I have a collection of clothing / accessory products (represented by a Python object) with various attributes. These products are generated by a combination of querying an external API and scraping the merchant websites to obtain various attributes.
My goal is to develop a classifier that uses these attributes to correctly categorise the products (i.e. into categories such as trousers, t-shirts, dresses etc.).
I have both a training and a test data set which are a subset of the entire data set selected uniformly at random which have been manually categorised.
I spoke to an ex-university colleague of mine who specialises in machine learning and he suggested using a decision tree. However, the decision tree libraries in Python appear to be very numerically focused (rather than focused on classifying data based on textual attributes).
I am aware of libraries like Scikit Learn but from my brief analysis it appears that they generally involve simpler logic for the rules than I require.
Any suggestions on approach, library, code structure etc would be greatly appreciated. However, the main focus of this question is which Python machine learning library (if any) would be most appropriate for this task.
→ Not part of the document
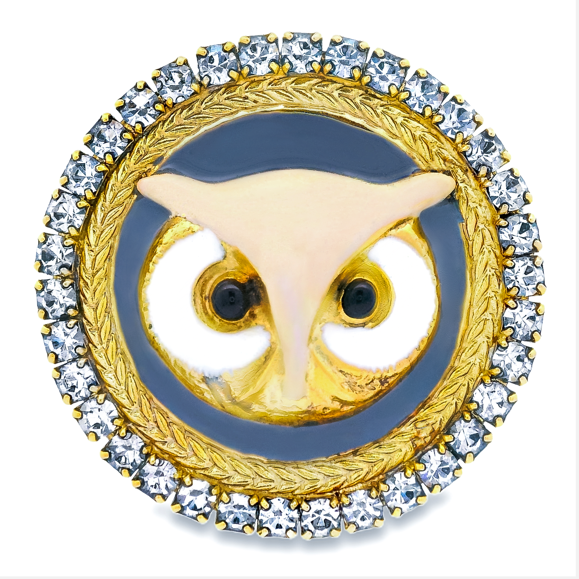 Introducing In the Wally Hoot Brooche, the perfect addition to your accessory collection. This antique gold plated brooch is crafted with high quality brass base metal, adorned with sparkling crystals, and hand painted with enamel. Proudly made in Canada, this brooch adds a touch of elegance and charm to any outfit.

The product attributes include the following:
- name (
str
) - description (
str
) - available_sizes (
[str, str...]
) - available_colours ([str, str...])
- price (
float
) - url (
str
) - category_name (
str
) - images (
[str, str...]
- urls)
An example of a product:
{ 'category': u"Men's Accessories",
'colours': [u'White'],
'description': u'Keep your formal style looking classic with this white short sleeve Oxford shirt with roll up sleeve detailing.',
'ean': u'',
'gender': u'M',
'images': [ u'http://media.topman.com/wcsstore/TopMan/images/catalog/83D21DWHT_large.jpg',
u'http://media.topman.com/wcsstore/TopMan/images/catalog/83D21DWHT_2_large.jpg',
u'http://media.topman.com/wcsstore/TopMan/images/catalog/83D21DWHT_3_large.jpg',
u'http://media.topman.com/wcsstore/TopMan/images/catalog/83D21DWHT_4_large.jpg'],
'last_scraped': datetime.datetime(2014, 11, 1, 7, 13, 28, 943000),
'merchant_id': 2479L,
'merchant_uri': u'http://www.topman.com/en/tmuk/product/white-oxford-short-sleeve-shirt-157702?geoip=noredirect',
'name': u'White Oxford Short Sleeve Shirt',
'price': 26.0,
'sizes': [u'XXS', u'XS', u'S', u'M', u'L', u'XL', u'XXL']}